Information:
-- Opening Marker --
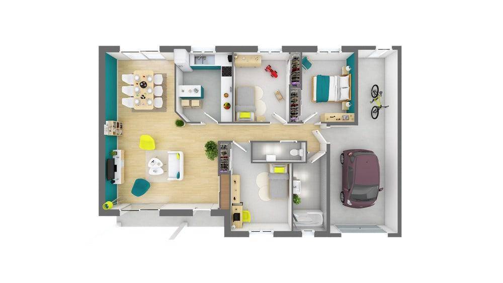Sur ce terrain, nous vous proposons cette maison neuve, le modèle Ménilière, une maison plain-pied moderne qui intègre de base un garage et une longue galerie sur la face avant. Avec une surface de 100 m², cette maison dispose de 4 chambres et de 4 pièces, offrant ainsi un espace de vie confortable et fonctionnel pour toute la famille.
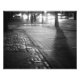 Uma bela fotografia branca e negra de uma cena noturna romântica no lado leste do Central Park em Nova Iorque. Um casal caminha de mãos dadas à luz dos semáforos e luzes noturnas sobre a calçada da calçada que encaixa o Central Park.
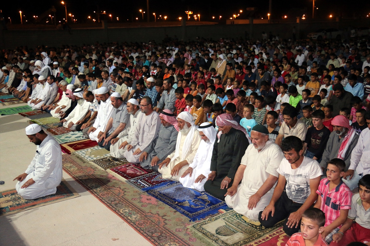ŞANLIURFA (AA) - Şanlıurfa'nın Akçakale ilçesindeki çadır kentte barınan Suriyeliler ilk teravih namazını kıldı.
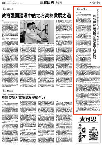 2024年5月13日,《中国教育报》高教周刊以《伟德betvlctor体育官网以“小事小情”传达“微言大义”——创新理论学习模式激发育人新动能》为题,从“翻转互动——学习亦宣讲”“关键时点——传道且授业”“小事小情——微言而大义”“实践致知——知明则行笃”四个维度报道了我校伟德betvlctor体育官网党委创新党员理论学习模式的实践与成效。
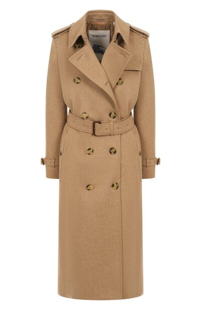 Двубортный тренч Kensington со шлицей сзади и двумя боковыми карманами выполнили из кашемира, а для подклада выбрали купро. Модель дополнили съемными патами на рукавах, погонами и поясом с пряжкой, обтянутой телячьей кожей. Само изделие застегивается пуговицами, а воротник с отделкой в фирменную клетку Burberry Check фиксируется крючком.
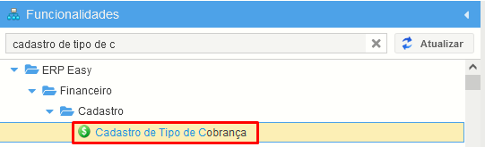 Acesse a tela de "Cadastro de Tipo de Cobrança" conforme mostrado abaixo:
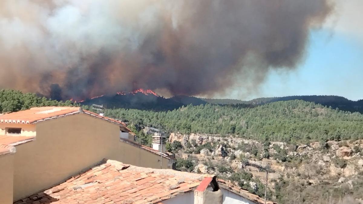 El fuego, que comenzó la tarde del jueves en Villanueva de Viver, en la provincia valenciana de Castellón, obligó a desalojar a 1.500 personas en ocho municipios de las regiones de Valencia y Aragón, señaló la vocera del Gobierno valenciano, Aitana Mas.
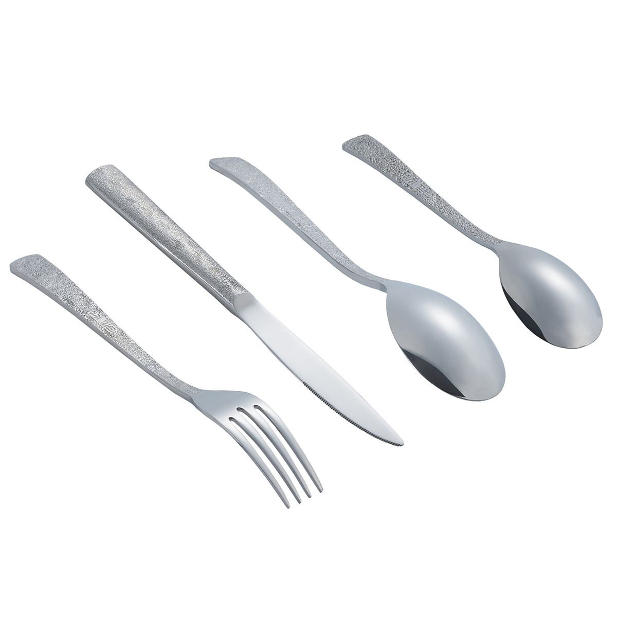 В состав наборов входят: столовый нож (6 шт.) – 23 см, столовая вилка (6 шт.) – 20 см, столовая ложка (6 шт.) – 20 см, чайная ложка (6 шт.) – 14 см.
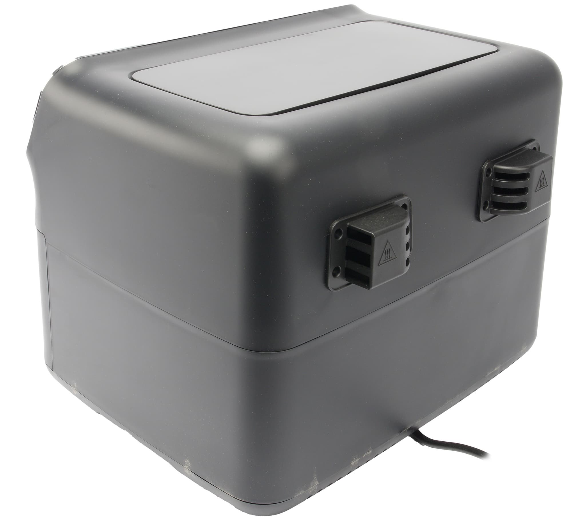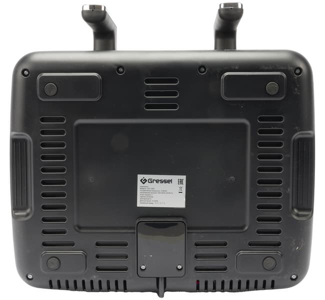 Аэрогриль Gressel GAF-1825 выглядит весьма брутально. У него вытянутая вширь форма с закругленным углами, напоминающая буханку хлеба. Корпус и ручки устройства выполнены из матового черного пластика, панель управления сделана из глянцевого пластика и размещена чуть под наклоном относительно всего корпуса. Также панель управления и ручки обрамлены серебристыми каемками, создающими простые, но стильные акценты.
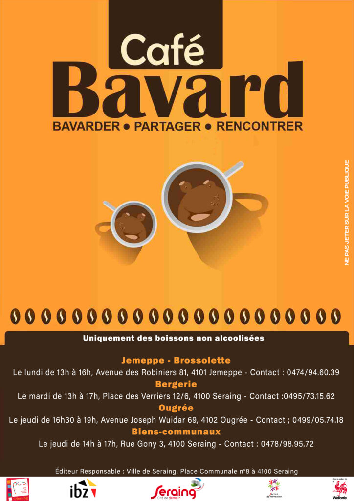 Depuis 2013, la Ville de Seraing a mis en place plusieurs Cafés Bavards sur le territoire. Un lieu de rassemblement, sans vente d’alcool et où l’accent est plutôt mis sur la convivialité, la rencontre et le partage.
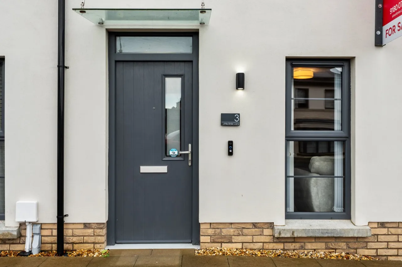 Glass canopy Entrance Porch, grey composite front door, outside light.
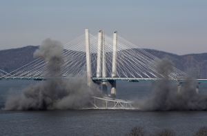 Отмечается, что первоначально предполагалось, что краны будут разбирать мост по частям, а остатки вывозить на барже, поскольку считалось, что взрыв нанесет урон атлантическому осетру и другим морским обитателям. Но, по словам инженеров, стальная конструкция моста оказалась нестабильной, и безопасность рабочих была под вопросом. В результате, пришли к выводу, что единственно возможный вариант – это взорвать мост.
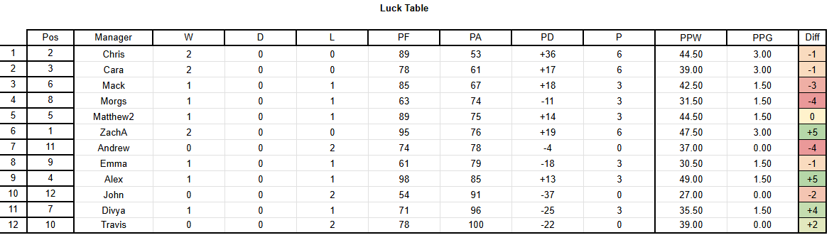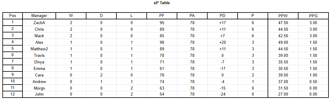 And next week sees our first week of cross-league matchups! The headliner of the week being one of two undefeated matchups: MatthewR vs Andrew! The other being Jesse vs the current table leader, Alex. Other matchups to keep an eye on include me vs ZachA in what should be an interesting Mitoma derby, Luke vs Matthew2, Dylan vs Mack, and a battle between two teams with near identical PF in Zach vs Travis.
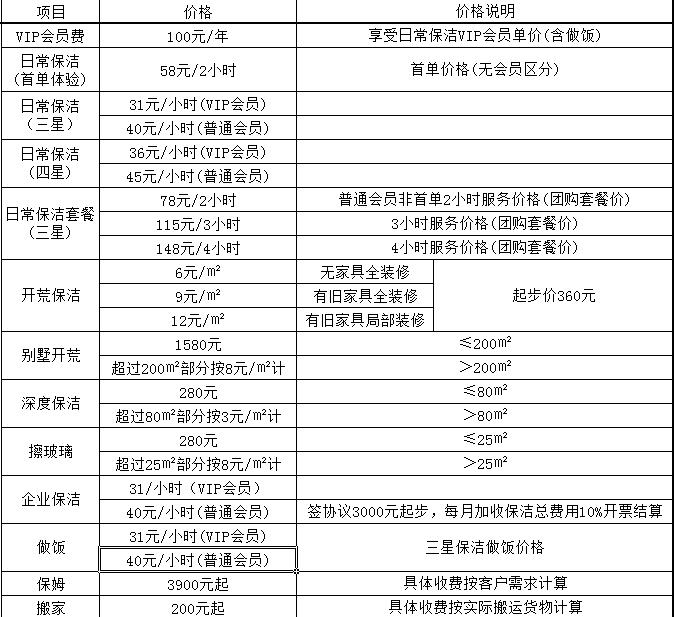 苏州家政公司收费标准
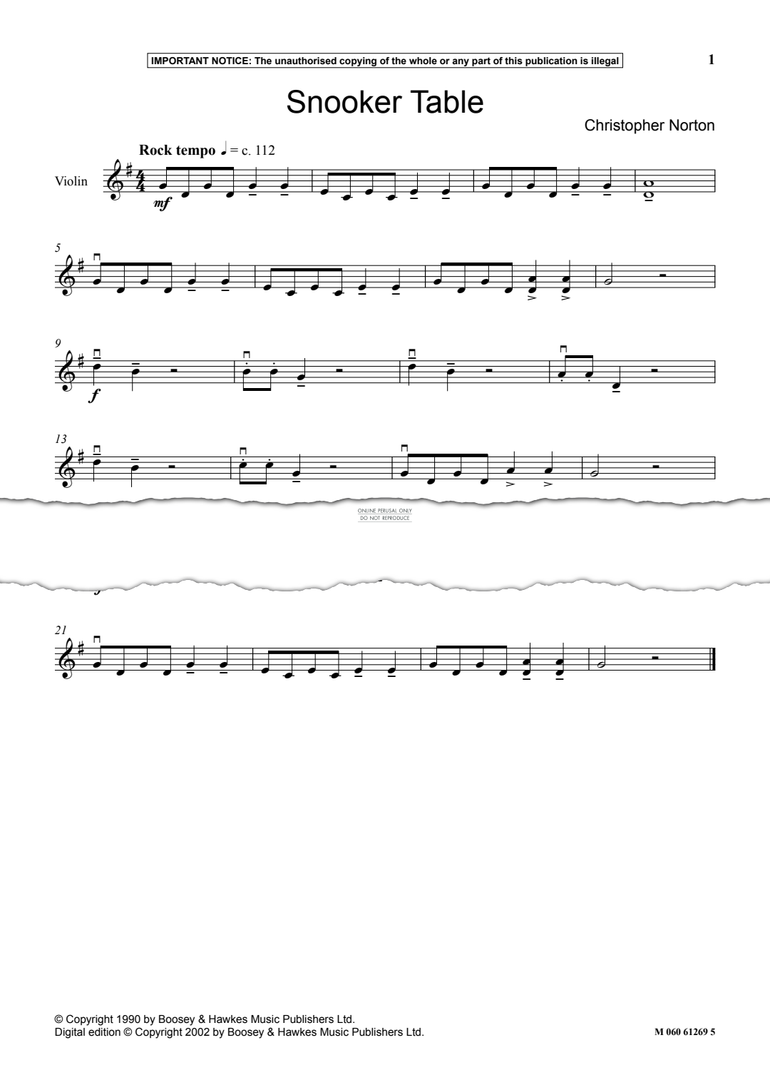 Snooker Table - Noten für Klavier, Violine Christopher Norton
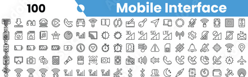 A collection of outline icons for mobile interface design, showcasing diverse functions and features in a modern style.
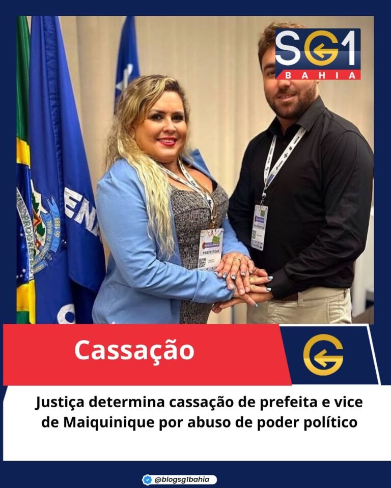 A Justiça Eleitoral determinou a cassação da prefeita de Maiquinique, Valéria Silveira (PV), e do vice, Kayke Jardim (PSD), no
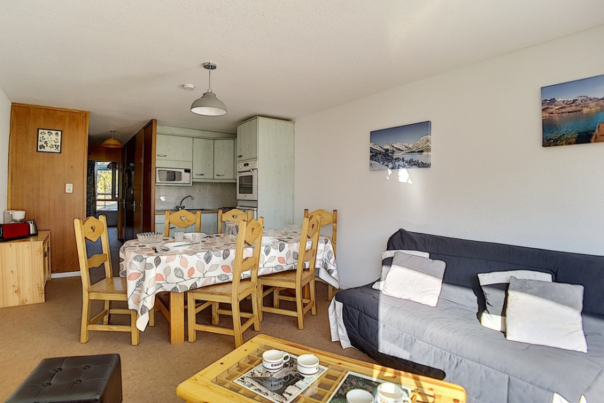 2-Zimmer-Wohnung 40 m² für 6 Personen mit Südbalkon (Schlafzimmer auf der Nordseite). Sie befindet sich im 3. Stock mit Aufzug.
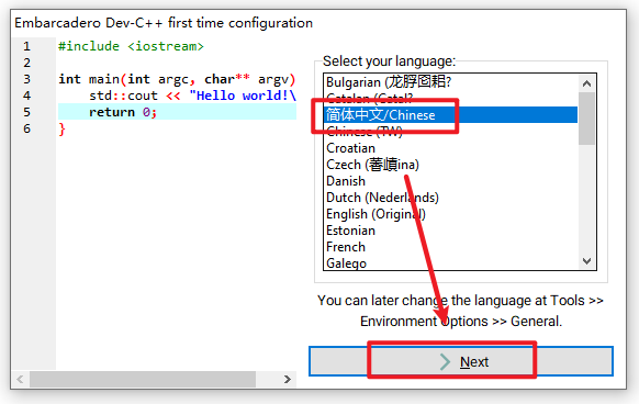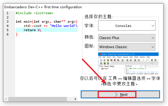 9.首次使用 Dev C++ 还需要简单的配置,包括设置语言、字体、和主题风格
-- Closing Marker --
Exercise details: Leaving pictures aside, give again word for word each line from the one with "Glass canopy Entrance" to the final line of the entries.

Reply:
 Glass canopy Entrance Porch, grey composite front door, outside light.
 Отмечается, что первоначально предполагалось, что краны будут разбирать мост по частям, а остатки вывозить на барже, поскольку считалось, что взрыв нанесет урон атлантическому осетру и другим морским обитателям. Но, по словам инженеров, стальная конструкция моста оказалась нестабильной, и безопасность рабочих была под вопросом. В результате, пришли к выводу, что единственно возможный вариант – это взорвать мост.
 And next week sees our first week of cross-league matchups! The headliner of the week being one of two undefeated matchups: MatthewR vs Andrew! The other being Jesse vs the current table leader, Alex. Other matchups to keep an eye on include me vs ZachA in what should be an interesting Mitoma derby, Luke vs Matthew2, Dylan vs Mack, and a battle between two teams with near identical PF in Zach vs Travis.
 苏州家政公司收费标准
 Snooker Table - Noten für Klavier, Violine Christopher Norton
 A collection of outline icons for mobile interface design, showcasing diverse functions and features in a modern style.
 A Justiça Eleitoral determinou a cassação da prefeita de Maiquinique, Valéria Silveira (PV), e do vice, Kayke Jardim (PSD), no
 2-Zimmer-Wohnung 40 m² für 6 Personen mit Südbalkon (Schlafzimmer auf der Nordseite). Sie befindet sich im 3. Stock mit Aufzug.
 9.首次使用 Dev C++ 还需要简单的配置,包括设置语言、字体、和主题风格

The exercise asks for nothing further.